▶ [Work order]
Exclude all pictures, then write out exactly the lines below from the first one through the line with "別の角度(キッチンを正面に見".

Source data
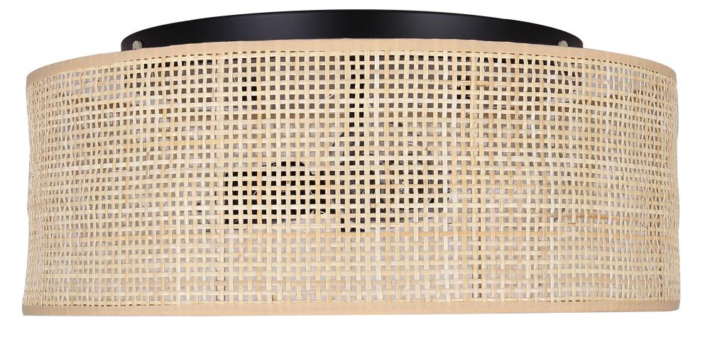 BELLAMY 16.25 in. 3-Light 60-Watt Boho Black Flush Mount with Natural Rattan Shade
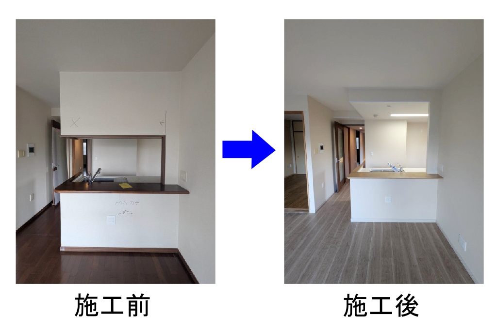 別の角度(キッチンを正面に見た)からの写真です。頭上部分にあった壁もなくしましたので、上からの圧迫感が軽減しています。
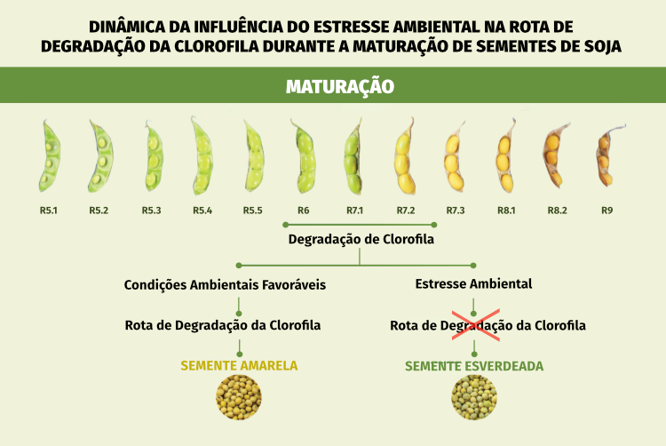 Neste caso, o gatilho inicial é a combinação entre estresse abiótico em momento crítico de desenvolvimento e a suscetibilidade genética do material. Os estresses mais frequentes são temperaturas elevadas e deficiência hídrica, muitas vezes atuando em conjunto, com intensidade e duração capazes de interromper a rota de degradação da clorofila na cultura da soja. Quando o estresse ocorre tardiamente, a partir do estádio R6, durante a fase de desidratação e aquisição da quiescência, o risco de retenção de clorofila aumenta. Nessa etapa final de maturação, a redução do teor de água e as alterações hormonais devem coordenar tanto a desestruturação dos cloroplastos quanto a degradação da clorofila. Se a perda de água ocorre sob condições adversas, essa degradação pode ser suprimida, enquanto os níveis de ácido abscísico se elevam, alterando a regulação da transcrição de genes da rota (Figura no texto).
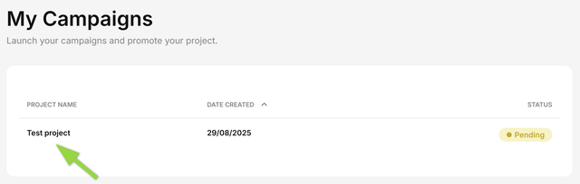 - Go to Campaigns → My Campaigns → Your Campaign.
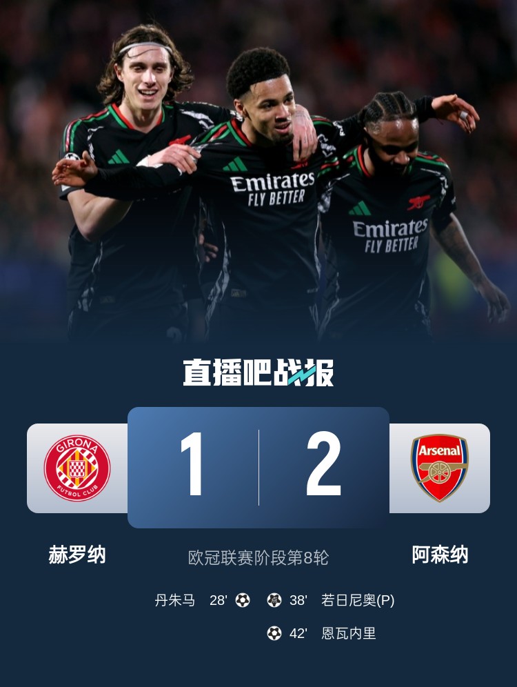阿森納2-1擊敗赫羅納,他們以第三名結(jié)束歐冠聯(lián)賽階段。
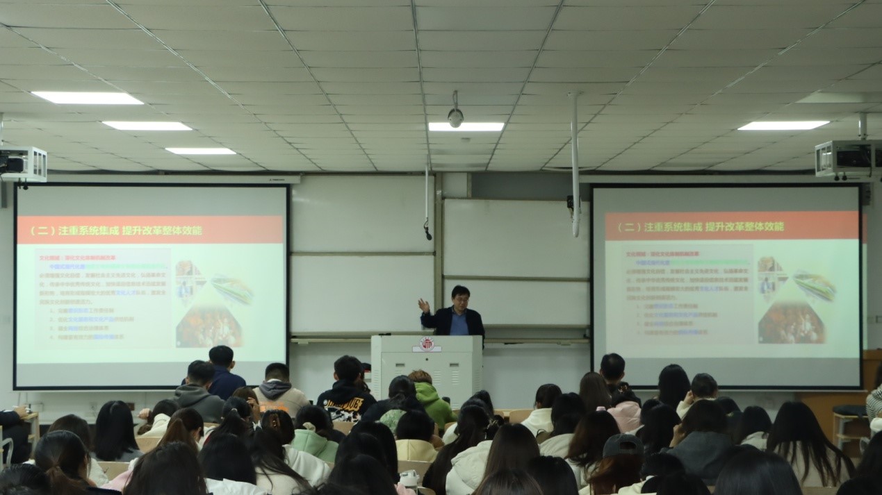 为进一步学习贯彻党的二十届三中全会精神,深刻把握“成为堪当民族复兴大任的拔尖创新人才”的重要意义,12月21日,人人操人人摸人人干邀请上海师范大学耿步健教授在行方楼118教室作题为《学习领会党的二十届三中全会精神 努力成为堪当民族复兴大任的拔尖创新人才》的学术讲座。讲座分为三个部分:“开辟中国式现代化前景”;“标注时代的改革新蓝图”;“新征程上的大学生使命”。人人操人人摸人人干副院长孙喆主持讲座。商丘师范学院副校长刘澜涛、人人操人人摸人人干院长司永海、副院长丁亚仙及部分教师代表和思想政治教育专业2022级、2024-3班全体学生参加了讲座。
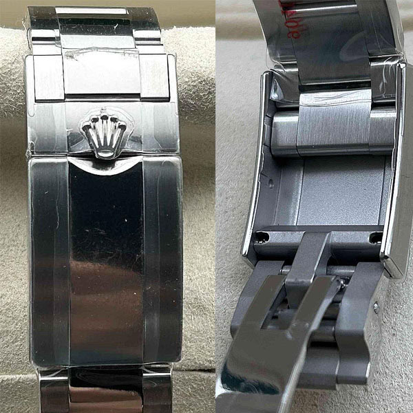 6時のところにレザー刻印されたロレックス王冠が、その本物らしさを更に高めています。
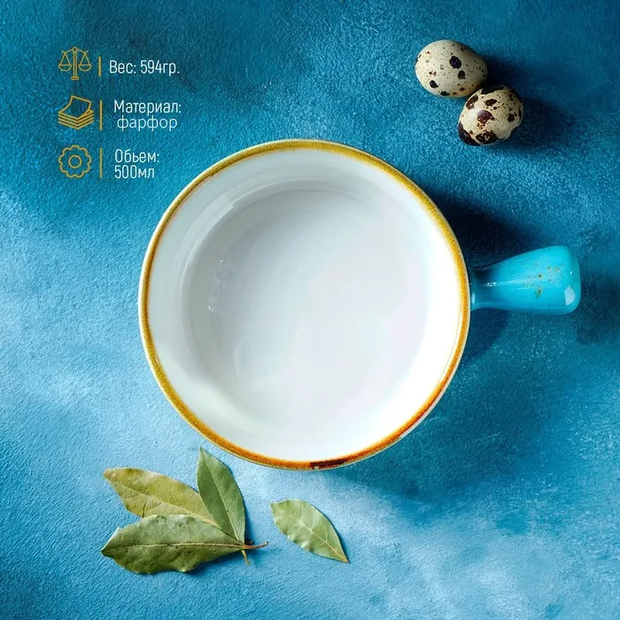 Кокотница Magistro «Церера», 500 мл, d=15 см, фарфор, голубая — Характеристики

▶ [Written answer]
 BELLAMY 16.25 in. 3-Light 60-Watt Boho Black Flush Mount with Natural Rattan Shade
 別の角度(キッチンを正面に見た)からの写真です。頭上部分にあった壁もなくしましたので、上からの圧迫感が軽減しています。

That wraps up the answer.